When there’s something I want to say but can’t quite grasp of how to say it, there’s only one place to visit. Where there’s an argument I want to make but don’t have enough of the basic facts, there’s only one destination to consider. When there’s a theory I want to test but don’t understand any of its precepts, there’s only one way to progress. And when there’s a point I need to make but can’t seem to find the right words, there’s only one thing left to do. Pick a cherry. Should you be at a similar intellectual loss, flapping between the twin gusts of confusion and embarrassment, might I suggest locating the nearest cherry tree for a closer examination?
Cherry-picking is a healthy lifestyle and a foolproof rhetorical strategy – since I haven’t changed my mind yet and don’t plan on it.
Making friends is a harrowing exercise, which involves sifting through resumes, reviewing letters of recommendation, and interviewing character witnesses. The whole process is extremely exhausting and could have the side effect of causing someone to long for their previous situation, utterly friendless and totally alone. What if I told you there was a better way? Once you find something good about someone, stop looking, stop digging and simply choose to be satisfied. If you’re out at dinner and they leave a sizable tip, take that as a sign of their upstanding moral character and ignore the rest. In other words, pick a cherry instead.
You want alien life. I want alien life. Even aliens, well, they want alien life. But the unrelenting need for evidence gets in the way of a good, no, great story. When you see a blinking light in the sky, don’t check the FAA or some app that shows you it’s nothing more than a wayward weather balloon. Commit to it being a UFO. If you’re picking cherries, inconvenient facts aren’t inconvenient at all – they’re just ignored as extraneous. Thanks, but no thanks. Don’t go out and buy yourself a more powerful telescope for a closer look at the night sky.

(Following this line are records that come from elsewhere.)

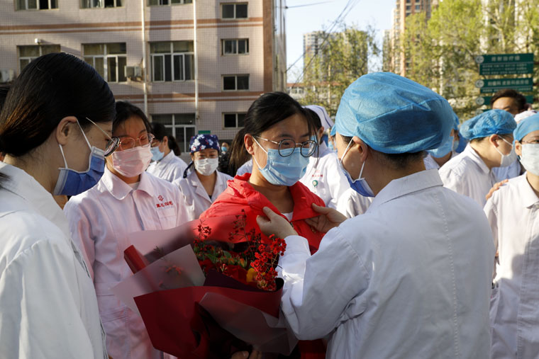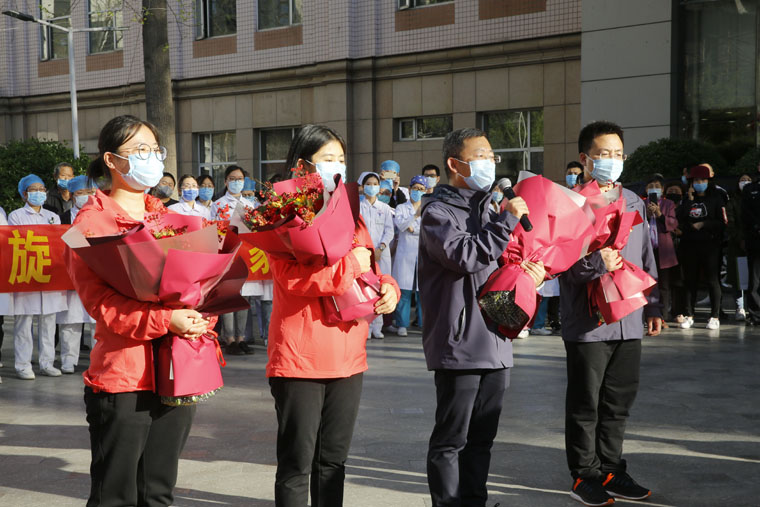 4月3日下午,河北省首批援鄂医疗队员,我院重症医学科病区主任朱桂军、副护士长申康康,感染性疾病科副主任杨大运、呼吸内科护师王亚美结束隔离,平安归来。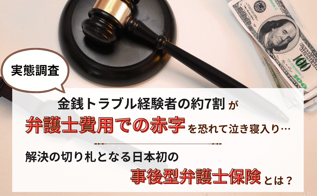 【実態調査】金銭トラブル経験者の約7割が「弁護士費用での赤字(費用倒れ)」を恐れて泣き寝入り。潜在ニーズ86%を誇る、解決の切り札となる日本初の「事後型弁護士保険」とは?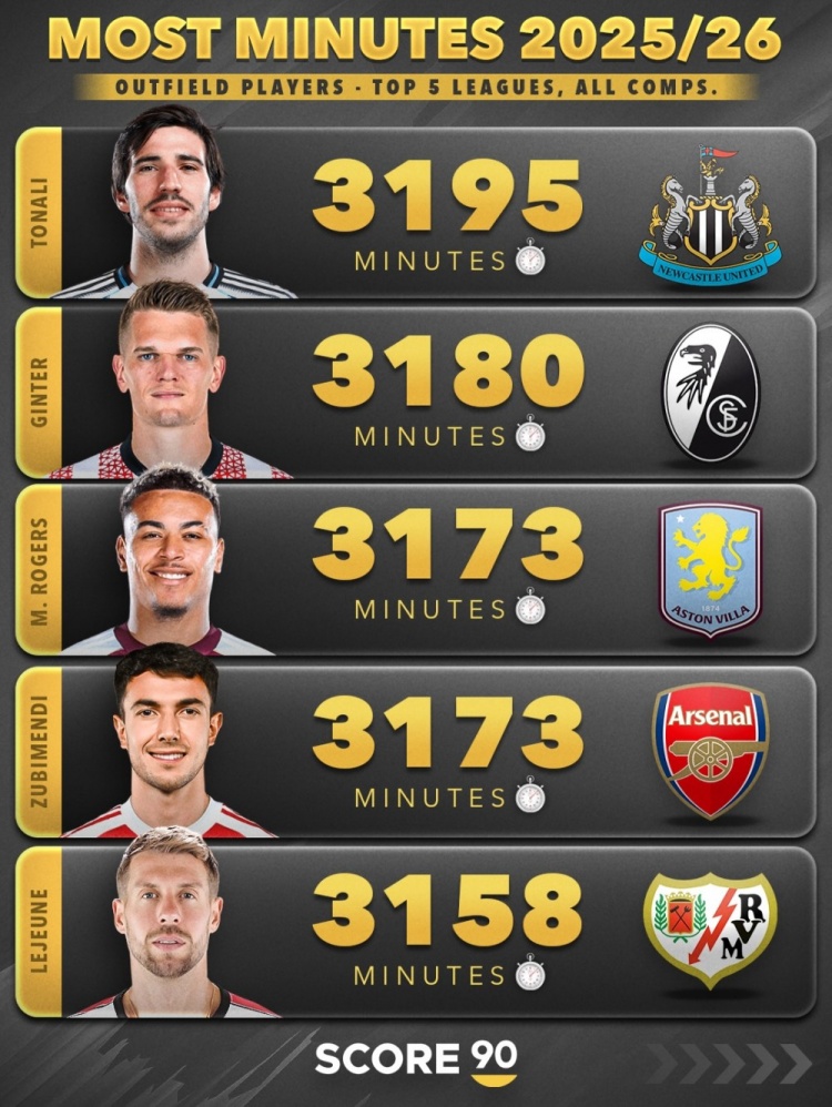 2、佳夫(纽卡):3525分钟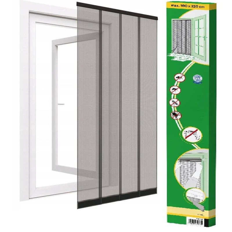 Síť protikomárům do dveří 100X220 CM POLYSTERS + GUMOVÁ PÁSKA je účinným řešením, které chrání před nežádoucím hmyzem a zároveň umožňuje průchod vzduchu. Můžete ji individuálně přizpůsobit výšce dveří jednoduchým nastřižením materiálu a jeho vložením do samosvorné lišty, která se přilepí na rám dveří. Díky upevnění pomocí lepicí pásky ji můžete rychle nainstalovat bez vrtání a šroubování, tj. bez zanechání stop na rámu okna. Výrobek je vyroben z odolné polyesterové síťoviny, která je odolná proti větru a dešti.

Your optic nerve is perfectly satisfactory.
If you’re buying a building, the façade is enough to make a down payment. Don’t let the presence of toxic mold, a cracked ceiling and a legion of charming squatters spoil what could make for a lovely Christmas card. The outside is plenty to impress your friends and disturb your enemies. So pick a cherry and stop right there.
Can’t you tell that it’s cherry-picking season again? By the air? By the smell? By the sounds of squishy fruit compressing between the oily palms of highly-enthused orchard-goers? Or by the shocked yelps of people who’ve forgotten about the existence of pits? I know that there are those more excited for apples and peaches, but cherries are big enough to fit in a standard pocket and leave you not asking for more information or more fruit.
George Washington even knew a thing or two about cherry trees. Or so I’ve been told.